Monitoring and Alerting System
This document aims to provide a light analysis of LeanXcale Monitoring and Alerting System, as well as setting a practical guide about generating new alert and record rules in Prometheus.
1. Architecture
LeanXcale monitoring is build on two open-source solutions: Prometheus and Grafana.
The following image shows the architecture of components and how they are logically grouped to be started and stopped.

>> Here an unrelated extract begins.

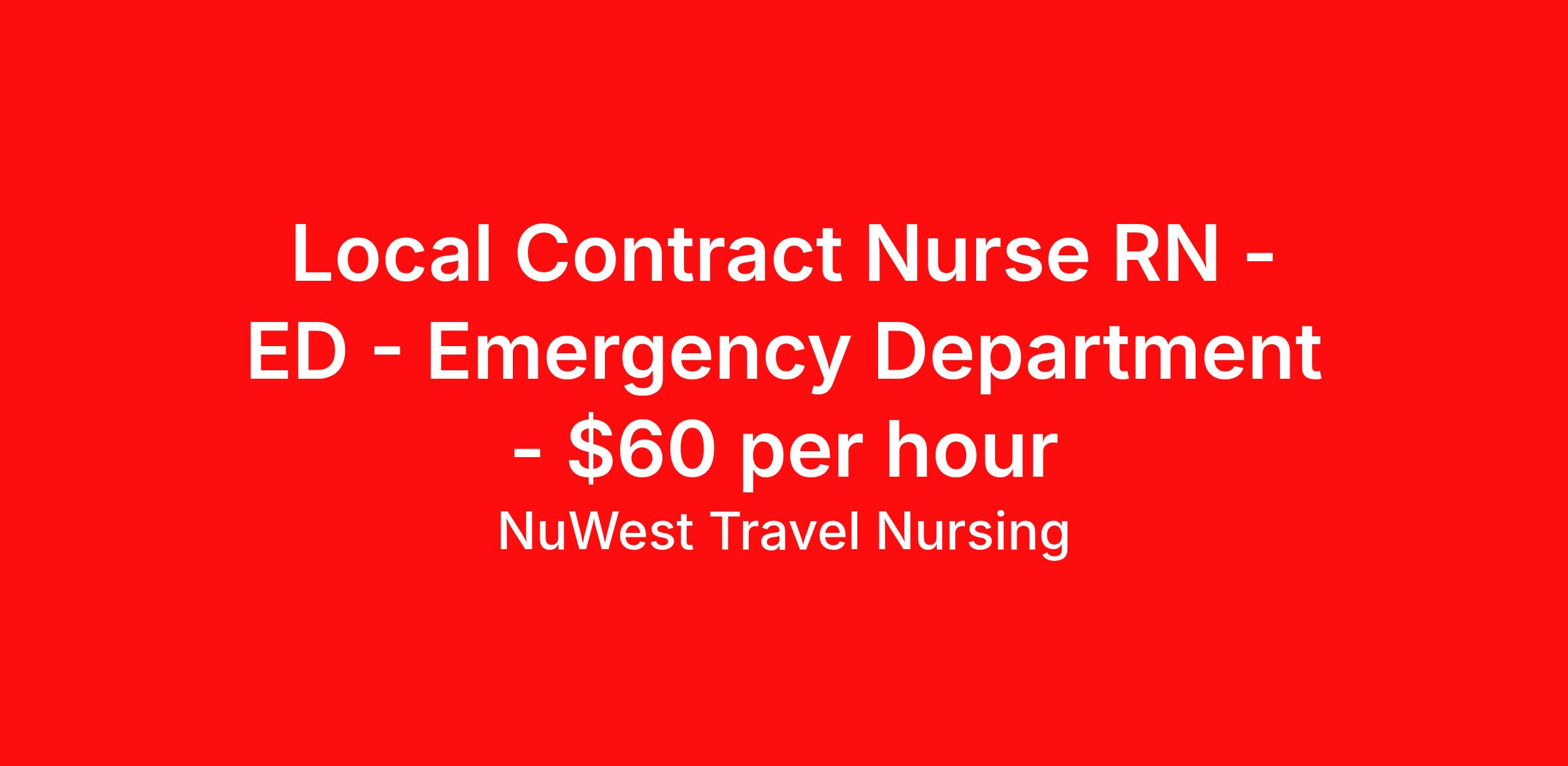 Local Contract Nurse RN - ED - Emergency Department - $60 per hour

LeanXcale Monitoring and Alerting System consist on the following elements:
-
Prometheus: Centralizes and stores metrics in a time series database.
-
Alert Manager: Triggers alarms based on Prometheus stored information (it is part of Prometheus software also).
-
Exporters: Running in monitorized hosts, export metrics sets to feed Prometheus:
-
Mastermind exporter: Publishes metrics from the following Lx components: Snapshot Server, Commit Sequencer and Config Manager.
-
Node Exporter: Comes by default with Prometheus installation, exports a lot of metrics about machine performance.
-
Metrics Exporter: It exports metrics about Lx components at two levels:
-
Lx Component running java code inside JVM.
-
Lx Component processes as OS level (I/O, memory, …)
-
-
In addition, it’s possible to feed Prometheus with another metrics. It only needs key-value files placed in /tmp/scrap path. It’s common to use these to export metrics resulting from executing specific processes. For example, this is the file generated in the TPCC benchmarking tests:
appuser@5c050e45b4d0:/tmp/scrap$ cat escada.prom
tpccavglatency 101
tpmCs 28910
aborttpmCs 124
Monitoring is started when the cluster is started and the central components (Prometheus and Grafana) are deployed in the metadata server.
2. Starting Monitor
From now on, let’s consider BASEDIR as the path where your LeanXcale database is installed.

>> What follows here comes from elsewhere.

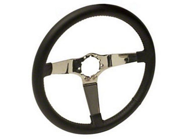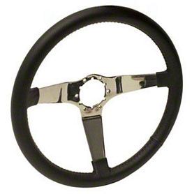 Blend Vintage Style With Modern Comfort. This Black Leather and Chrome 3-Spoke Steering Wheel is a faithful reproduction of the original design, offering Corvette owners a stylish way to refresh their vehicle’s interior. The chrome spokes add a bright, classic accent, while the leather wrapping enhances grip and comfort for everyday driving.

As seen in the previous section diagram, there are two logical components involved in Monitoring and alerting that include the other components you can see in the previous diagram:
-
MonS: Monitor Server Components: Including Prometheus, Grafana and Alert Manager
-
MonC: Monitor Client Components: Including Node Exporter and Metrics Exporter. Mastermind Metrics Exporter is started when the Mastermind component itself is started.
Just need to run the following command:
source $BASEDIR/env.sh
startLX Mon
You can start sever and client monitoring components individually executing the folloing commands from the machines where they are placed:
lxManageNode start MonC
lxManageNode start MonS
3. LeanXcale Monitoring dashboard
As you can see, Grafana is included in LeanXcale distribution. You can access Grafana console in the following URL:
http://metadata_server:3000/
In the Dashboards section, you will find a default LeanXcale Dashboard that shows operating metrics, health status of components and alerts info. All these graphical information will give you an overall view of the status of your database.
4. Prometheus configuration
When Monitoring components are started for the first time, Prometheus is automatically configured. This Configuration is persisted in:
$BASEDIR/monitor/prometheus-package/prometheus.yml
This configuration is also accessible from the Configuration section in Prometheus console:
http://metadata_server:9091
It is also interesting to have a look at Targets section. There, you will be able to check if your metrics exporters are up and running.
As you can guess
lx-configuration
corresponds to Mastermind Metrics Exporter,
lx-metrics
with Metrics Exporter and lx-server
with Node Exporter.
4.1. Prometheus rules
As you can see in previous config file, rules are included in yml files that Prometheus found in rule_files tag values. All the rules defined in all files can be checked in Prometheus console (http://metadata_server:9091/rules).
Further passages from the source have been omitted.